吃过早饭,雪又下起来了。没有风,雪落得很轻,很匀,很自由。在地上也不消融,虚虚地积起来,什么都掩盖了本质,连现象都模糊了。天和地之间,已经没有了空间。

只有村口的井,没有被埋住,远远看见往上喷着蒸气。小媳妇们都喜欢来井边洗萝卜,手泡在水里,不忍提出来。

这家老婆婆,穿得臃臃肿肿,手背上也戴了蹄形手套,在炕上摇纺车。猫儿不再去恋爱了,蜷在身边,头尾相接,赶也赶不走。孩子们却醒得早,趴在玻璃窗上往外看。玻璃上一层水气,擦开一块,看见院里的电线,差不多指头粗了:

“奶奶,电线肿了。”

“那是落了雪。”奶奶说。

“那你在纺雪吗?线穗子也肿了。”

他们就跑到屋外去,张着嘴,让雪花落进去,但那雪还未到嘴里,就总是化了。他们不怕冷,尤其是那两颗眼睛。互相抓着雪,丢在脖子里,大呼小叫。

——贾平凹《冬景》

1971年1月,在阿里最严寒的日子,我们连续一个月徒步行军拉练。夜卧冰榻朝饮雪汁,操练卫国的本领。因为几乎天天露营,要留出野炊和搭帐篷的时间,不可抵达得太晚。每日半夜响起号角,打起背包睡眼惺忪跌跌撞撞地出发。

……

水那样稀少,拢共十滴吧,已是天赐佳酿。我们一滴滴品尝着,润泽咽喉。我突然闻到了雪朵的寒香,听到了连续不断的冰峰形成猛烈回声,看到红色旗帜傲然飘扬。

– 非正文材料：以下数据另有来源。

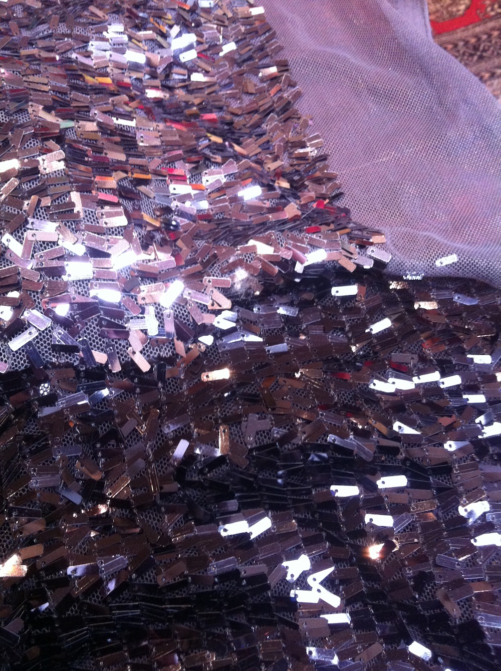 6. I just spent the last four months sewing with sequins… the little buggers are everywhere! On the floor, in the tub, my sister found one in her purse – I even found one in the refrigerator! So I would say to expect it to be messy. Very very messy. As for cutting – just use scissors (do you have a second best set of scissors? Use your second best set if you can). I have used/tried a rotary cutter and it works alright but it dulls the blade quickly. As for the thread – just use whatever you normally use. It will be fine. For a needle – if the sequins are on a jersey/knit fabric (can’t quite tell from the picture) I would use the largest ball point you can get (usually size 14), but if that isn’t working go for a size 16 sharp. I had a lot of broken needle problems, but the size 16 punches through everything! You might experiment with using zig-zag to do the main seams (sometimes it helps the sequins lie flatter, sometimes not; depends on the fabric). Also I highly recommend finishing off the seams on the inside – you can figure out what works best for you – because if you don’t the sequins will cut you into a bloody mess (ask me how I know…). Some people pick the sequins off of the seam allowances, but I don’t like to do that because I worry about them unraveling from the right side of the dress. Also, it isn’t worth my time. A lot of people tell me I am crazy because sewing with sequins is “so difficult” but it isn’t really. The sequins themselves don’t stretch, so they make the fabric act more like a woven, even if it is on a knit. You may have to stitch a bit more slowly to avoid skipped stitches (my old machine had this problem, my new one does not). Oh, and whatever you do – DO NOT USE YOUR SERGER! That’s a mistake I made once. And paid dearly to replace the serger blades after…

一抹霞光以迅雷不及掩耳之势,跃出冰冷山巅,之后迅速膨胀,染出瑰丽奇幻的色彩,起伏云阵的辉煌灿烂让人惊骇莫名。它们并不是静止的,上下腾挪翻滚,内含亮晶晶的微粒。这一个刹那,好像是亿万萤火虫的巨巢,焦灼着等待放飞。下一个刹那,如一池拥塞锦鲤,搅得满天通红。再下一个刹那,它们断然变成秋风肃杀,墨云金边,雷霆万钧……

在霞光下,我陡然明白了生命的意义。我有幸在自己的青年时代,在旷远冰寒的阿里高原服役,为祖国尽忠,是我无上的荣耀。时光只要善用,都有价值,只要你紧紧把握住青春的光阴,努力学习认真工作,和战友们相亲相爱,就会奠定你一生顽强成长的轨迹原点。

——毕淑敏《阿里的云霞》

竹林中一片斑鸠声,浸入我迷蒙意识里。一切都若十分陌生又极端荒唐。这是我初到“高枧”地方第二天一个雪晴的早晨。

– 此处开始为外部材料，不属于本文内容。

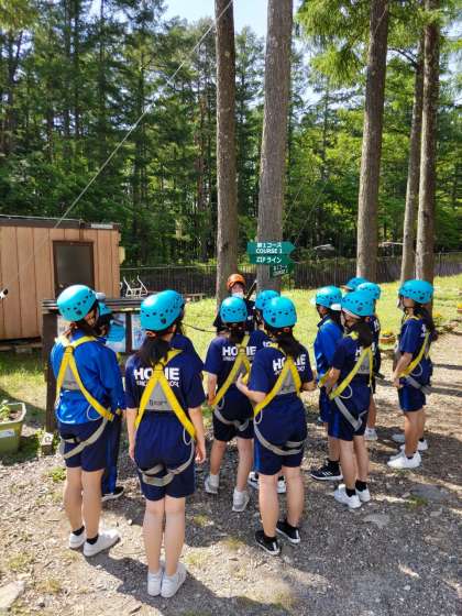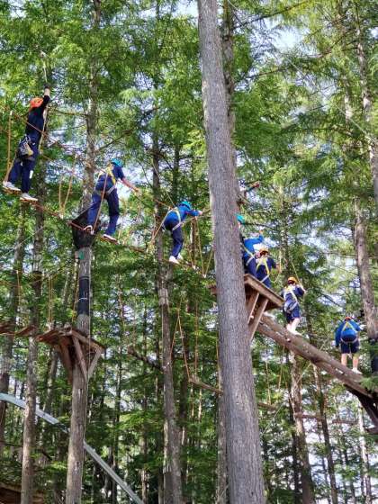 チームビルディング後は、ヘルメットとハーネスを着用し、高さ8mの木の上をツリートレッキング。子どもたちは、こわごわながらも楽しんでいました。

我躺在一铺楠木雕花大板床上,包裹在带有干草和干果香味的新被絮里。细白麻布帐子如一座有顶盖的方城,在这座方城中,我已甜甜的睡足了十个钟头。昨天在二尺来深雪中走了四五十里山路的劳累已恢复过来了。房正中那个白铜火盆,昨夜用热灰掩上的炭火,不知什么时候已被人拨开,加上了些新栗炭,从炭盆中小火星的快乐爆炸继续中,我渐次由迷蒙渡到完全清醒。我明白,我又起始活在一种现代传奇中了。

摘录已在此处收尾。